## Work to complete
Going line by line through the records below, write out everything starting with the line containing "From both the" and going on through the line containing "Des images de", exactly and inclusively. Pictures do not go in.

## Dataset records
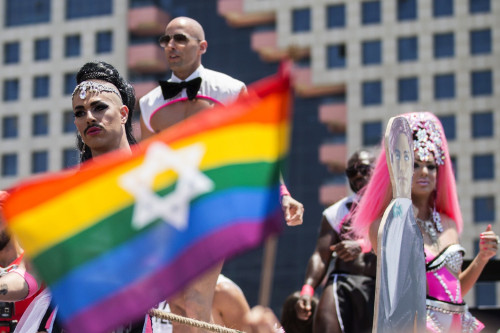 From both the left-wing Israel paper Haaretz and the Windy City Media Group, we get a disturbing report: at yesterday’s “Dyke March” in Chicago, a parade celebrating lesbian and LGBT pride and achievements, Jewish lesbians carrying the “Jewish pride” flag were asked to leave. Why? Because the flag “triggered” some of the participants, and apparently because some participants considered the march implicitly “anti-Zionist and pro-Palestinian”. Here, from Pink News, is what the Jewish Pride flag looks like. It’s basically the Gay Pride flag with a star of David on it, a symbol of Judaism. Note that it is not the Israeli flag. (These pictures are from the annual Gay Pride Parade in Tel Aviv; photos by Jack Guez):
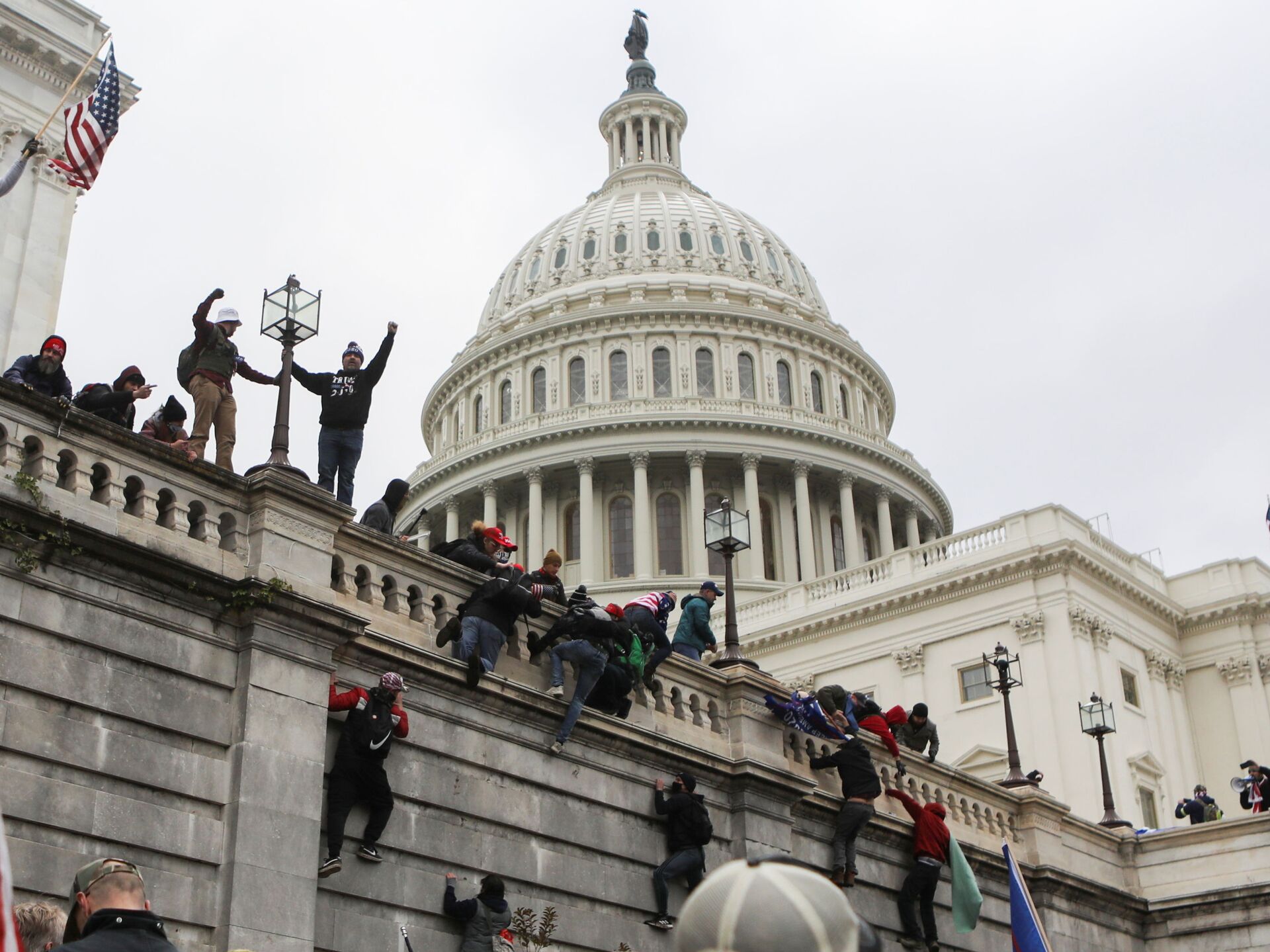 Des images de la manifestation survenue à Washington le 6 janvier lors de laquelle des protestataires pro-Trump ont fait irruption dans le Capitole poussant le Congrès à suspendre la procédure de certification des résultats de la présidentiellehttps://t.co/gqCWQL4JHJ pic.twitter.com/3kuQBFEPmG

---

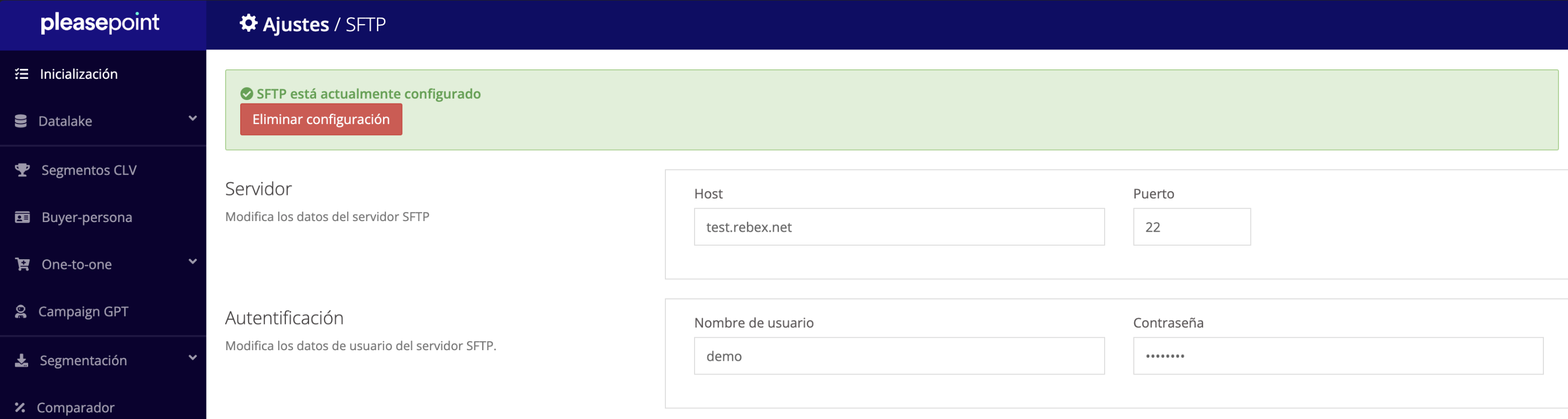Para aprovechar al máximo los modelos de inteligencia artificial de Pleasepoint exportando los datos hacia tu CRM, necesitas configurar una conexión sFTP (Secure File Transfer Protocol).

## Answer for this exercise
 From both the left-wing Israel paper Haaretz and the Windy City Media Group, we get a disturbing report: at yesterday’s “Dyke March” in Chicago, a parade celebrating lesbian and LGBT pride and achievements, Jewish lesbians carrying the “Jewish pride” flag were asked to leave. Why? Because the flag “triggered” some of the participants, and apparently because some participants considered the march implicitly “anti-Zionist and pro-Palestinian”. Here, from Pink News, is what the Jewish Pride flag looks like. It’s basically the Gay Pride flag with a star of David on it, a symbol of Judaism. Note that it is not the Israeli flag. (These pictures are from the annual Gay Pride Parade in Tel Aviv; photos by Jack Guez):
 Des images de la manifestation survenue à Washington le 6 janvier lors de laquelle des protestataires pro-Trump ont fait irruption dans le Capitole poussant le Congrès à suspendre la procédure de certification des résultats de la présidentiellehttps://t.co/gqCWQL4JHJ pic.twitter.com/3kuQBFEPmG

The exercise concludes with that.